_TASK PROMPT_:
Set down each record below precisely, skipping the pictures.
===============
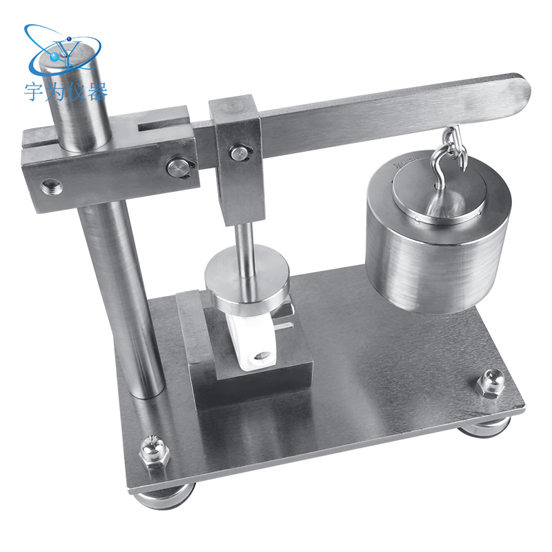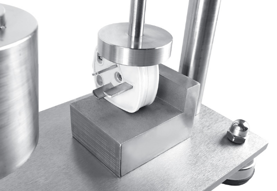 1、固定夾頭升至合適高度預(yù)固定(壓頭與墊塊距離略大于被測(cè)試驗(yàn)樣品厚度),然后將試驗(yàn)樣品放在鋼制壓頭和墊塊之間。
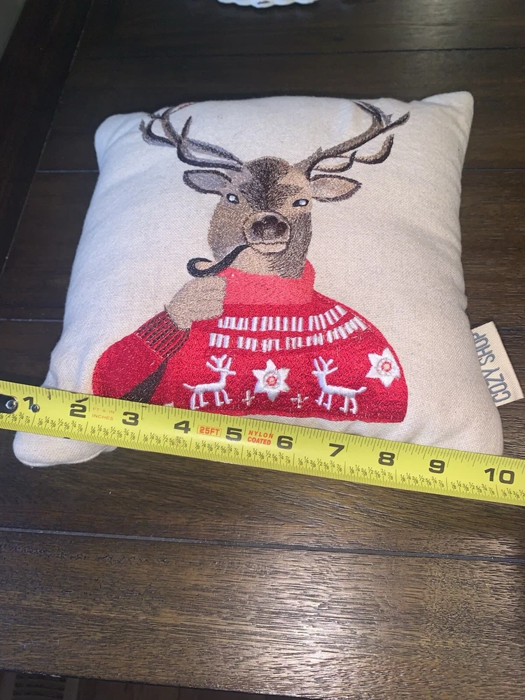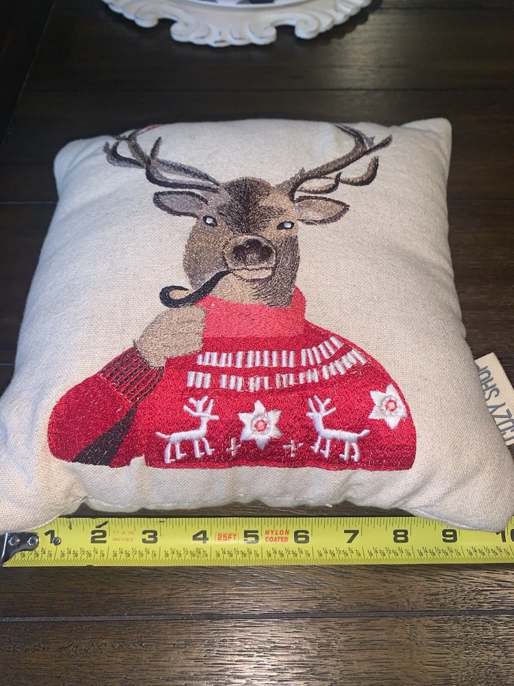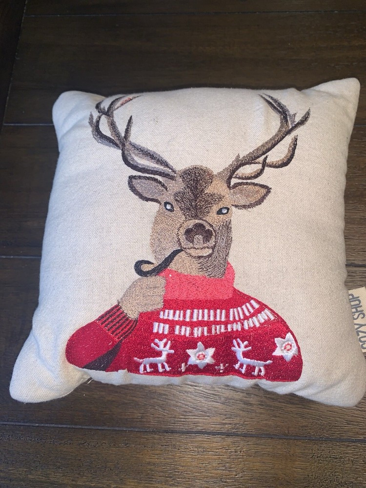 Cozy Shop Christmas Pillow Reindeer with Pipe Holiday 10 x 10 Linen
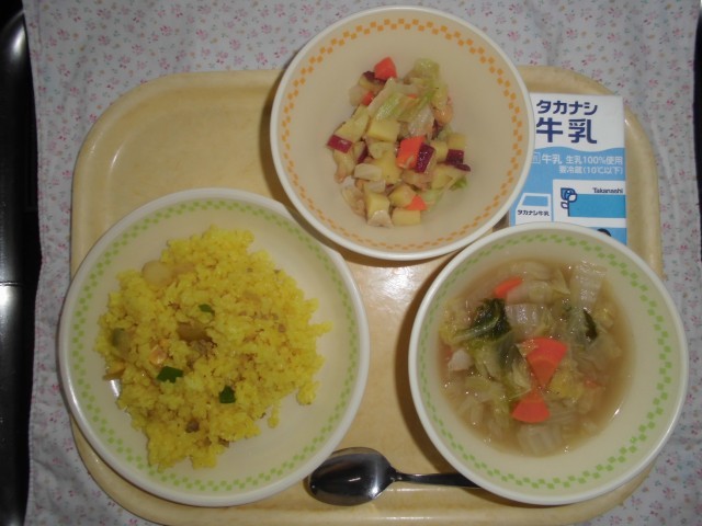 牛乳 スパイシーピラフ さつ豆サラダ 白菜とベーコンのスープ
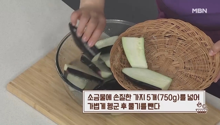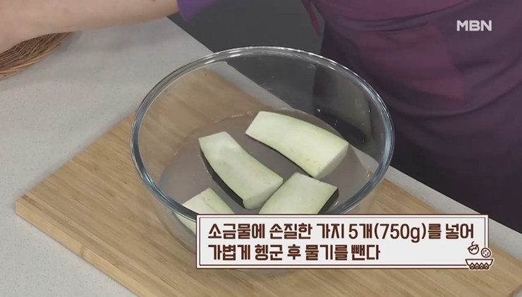 가지무침 만드는법 양념장 황금레시피의 비법 한 가지는 이렇게 소금물에 헹궈주는 것인데요, 이렇게 하면 가지를 찜기에 쪘을 때 가지 속살에 보라색 물이 들지 않는다고 해요.
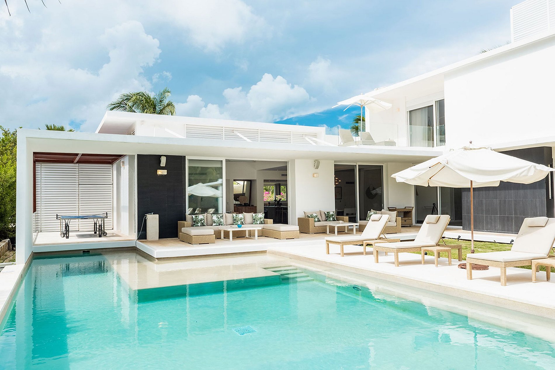 Esta é uma casa bonita e espaçosa, moderna e contemporânea com 5 quartos. Tem uma ampla sala de estar e jantar e uma cozinha em plano aberto totalmente equipada. Cada quarto tem a sua própria casa de banho privativa: as 2 primeiras suites situam-se no 2º piso e as restantes 3 suites no rés-do-chão. O quinto quarto é considerado meio quarto com duas camas de solteiro e equipamentos de ginástica top de linha. A casa também vem com uma prancha de SUP, uma mesa de pingue-pongue e uma scooter marítima, bem como equipamento de mergulho. O condomínio fechado tem seu próprio clube de praia com piscina adicional e praia com espreguiçadeiras e guarda-sóis, se necessário. Fica perto do novo Puerto Cancún com seu novo shopping, restaurantes da moda e cinema, além de oferecer acesso a uma quadra de tênis e, nas proximidades, um campo de golfe Greg Norman e uma bela marina onde você pode alugar um iate e fazer um cruzeiro ao redor da área, aventure-se em Isla Mujeres ou até mesmo visite as ilhas próximas (o momento perfeito é a temporada de tubarões-baleia).
===============
_ANSWER TO THE EXERCISE_:
 1、固定夾頭升至合適高度預(yù)固定(壓頭與墊塊距離略大于被測(cè)試驗(yàn)樣品厚度),然后將試驗(yàn)樣品放在鋼制壓頭和墊塊之間。
 Cozy Shop Christmas Pillow Reindeer with Pipe Holiday 10 x 10 Linen
 牛乳 スパイシーピラフ さつ豆サラダ 白菜とベーコンのスープ
 가지무침 만드는법 양념장 황금레시피의 비법 한 가지는 이렇게 소금물에 헹궈주는 것인데요, 이렇게 하면 가지를 찜기에 쪘을 때 가지 속살에 보라색 물이 들지 않는다고 해요.
 Esta é uma casa bonita e espaçosa, moderna e contemporânea com 5 quartos. Tem uma ampla sala de estar e jantar e uma cozinha em plano aberto totalmente equipada. Cada quarto tem a sua própria casa de banho privativa: as 2 primeiras suites situam-se no 2º piso e as restantes 3 suites no rés-do-chão. O quinto quarto é considerado meio quarto com duas camas de solteiro e equipamentos de ginástica top de linha. A casa também vem com uma prancha de SUP, uma mesa de pingue-pongue e uma scooter marítima, bem como equipamento de mergulho. O condomínio fechado tem seu próprio clube de praia com piscina adicional e praia com espreguiçadeiras e guarda-sóis, se necessário. Fica perto do novo Puerto Cancún com seu novo shopping, restaurantes da moda e cinema, além de oferecer acesso a uma quadra de tênis e, nas proximidades, um campo de golfe Greg Norman e uma bela marina onde você pode alugar um iate e fazer um cruzeiro ao redor da área, aventure-se em Isla Mujeres ou até mesmo visite as ilhas próximas (o momento perfeito é a temporada de tubarões-baleia).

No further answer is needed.